Comissão apura denúncia de irregularidade entre candidatas ao Conselho Tutelar
A Comissão Especial da eleição – ocorrida no último domingo (04) – para o Conselho Tutelar recebeu denúncia de que duas das candidatas eleitas teriam angariado votos de modo irregular. Elas teriam contratado o serviço de uma empresa de telefonia para enviar mensagens, em massa, aos eleitores no sábado (03/10). A presidente do Conselho Municipal dos Direitos da Criança e do Adolescente (CMDCA), órgão que organiza a eleição, Ronise Cléia Galdino, afirma que as candidatas podem ter se aproveitado da falta de regras explícitas desses recursos no edital da disputa.
Mesmo assim, a presidente do CMDCA não descarta a possibilidade de a comissão especial apurar a denúncia e encaminhar o caso para Ministério Público. “Pode ser que não seja ilegal, mas é imoral”, justifica Ronise. De acordo com ela, estava acordado entre as candidatas de que ninguém faria campanha no dia do envio das mensagens por celular. “Essas pessoas, de algum modo, desrespeitaram as regras. Muita gente recebeu as mensagens do sábado para o domingo, quando já não se podia fazer muito a respeito”, diz.

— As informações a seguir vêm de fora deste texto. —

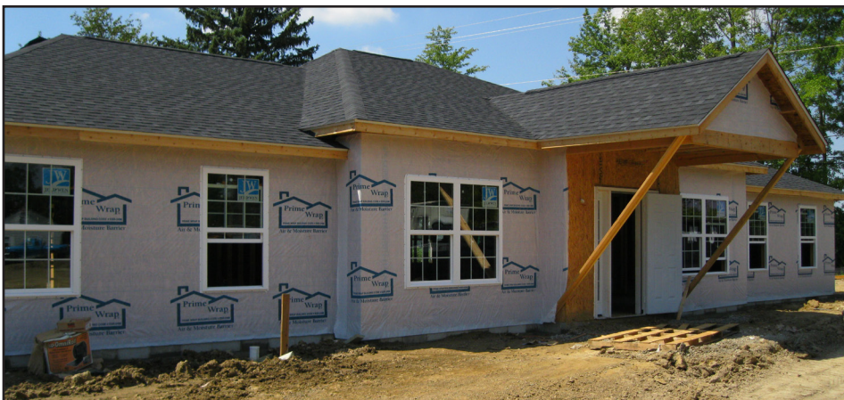
Blanchester Senior Villas in Clinton County will inject approximately $5 million into the local economy while providing much needed senior housing. Clinton County Community Action reports there is already a waiting list for the 40 units.

Construction is being overseen by Ohio contractor LW Associates which plans to contract with between 25 to 30 subcontractors, each of which will employ 5 to 15 craftsmen. A total of 270 jobs will be created by the project as well as a boost to local restaurants and other businesses.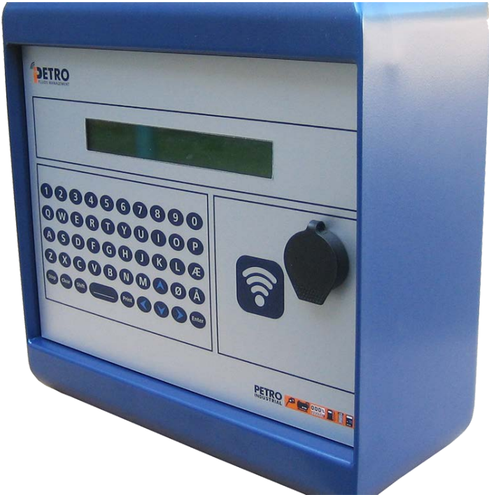
Petro Industrial Model iPETRO FMS PRO Terminal (Pattern)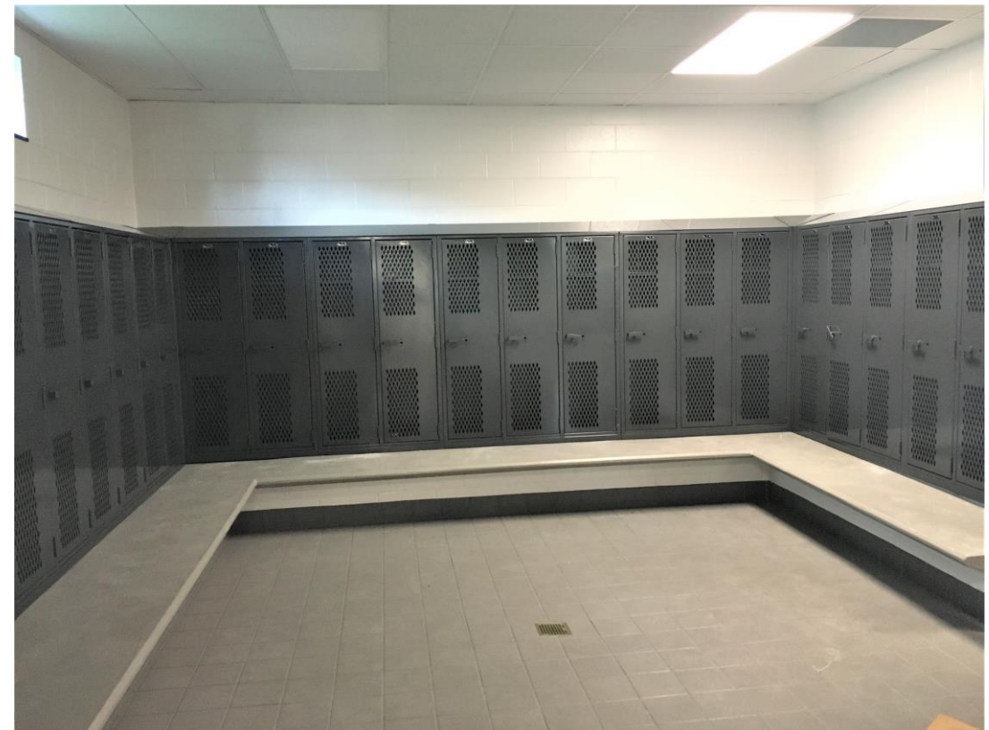
H.E. McCracken Middle School – Athletics (Weight Rm & Locker Rm)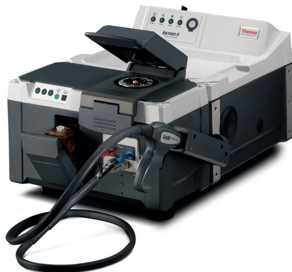
Figure 1: The Thermo Scientific Antaris II FT-NIR analyzer showing different available detection options

Researchers at IREL, spol. s.r.o. (Brno, Czech Republic) explored FT-NIR spectroscopy as a means to rapidly identify herbs used to produce extracts found in nutraceuticals, cosmetics and pharmaceuticals. Their biological origin means that many herbs contain similar components, like cellulose, proteins and sugars, which tend to result in similar spectra. The purpose of this application note is to demonstrate that complex herbal materials can be correctly classified using FT-NIR spectroscopy much more rapidly than conventional techniques.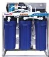
ALFA-25 MRP : ₹ 19,900/-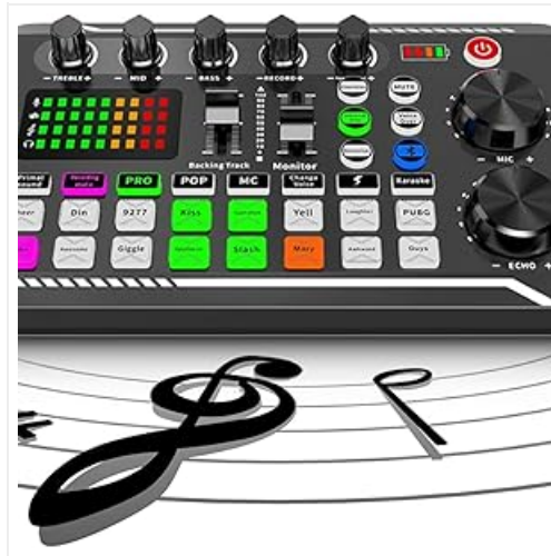
Figure 4: Close-up of the F998 mixer highlighting the Bluetooth connectivity feature.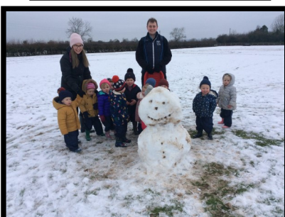
Our fantastic snowman.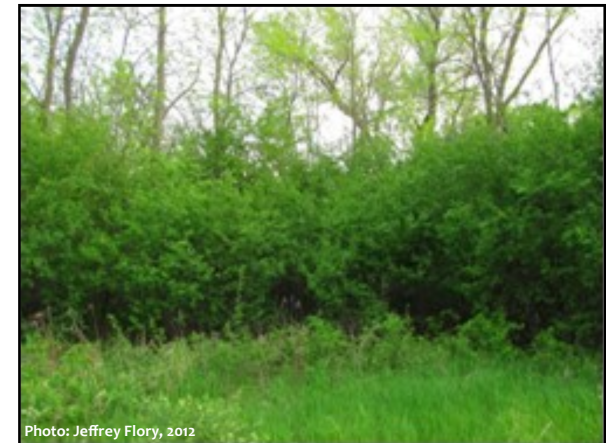
Photo: Jeffrey Flory, 2012 Dense thicket of Common Buckthorn at Hyland Park, Bloomington, MN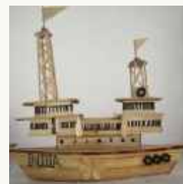
Bamboo Ship Craft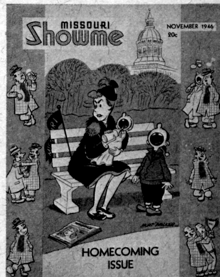
This Missouri Showme cover by Mort Walker was drawn 25 years ago. This Oct. 30, the Class of 1946 will return for its reunion.

Homecoming 1971 is a special reunion year for the classes of '26, '31, '36, '41, '46, '51, '56 and '61.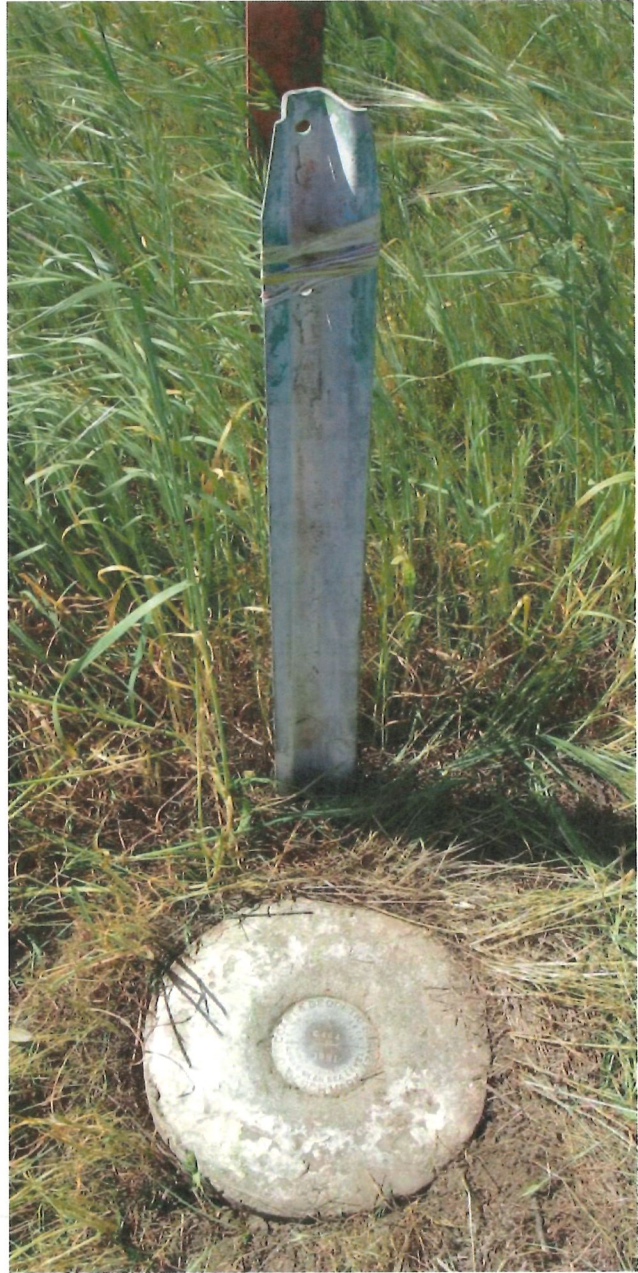
Between Interstate Highway Route No. 5 and West of Thornton Road about 4,900' South along Thornton Road from the Intersection of Turner Road .

Na opinião de Ronise, “… é difícil uma pessoa saber que está na suplência, sendo que podia estar eleita, mas não está porque fez tudo certinho”. E ela garante que em próximos pleitos, essas “lacunas” nas regras serão preenchidas de modo a evitar que pessoas levem vantagens, “não previstas no edital”, sobre as outras. Ronise observa que outra coisa a ser avaliada é o apadrinhamento de gente de vários segmentos a alguns candidatos.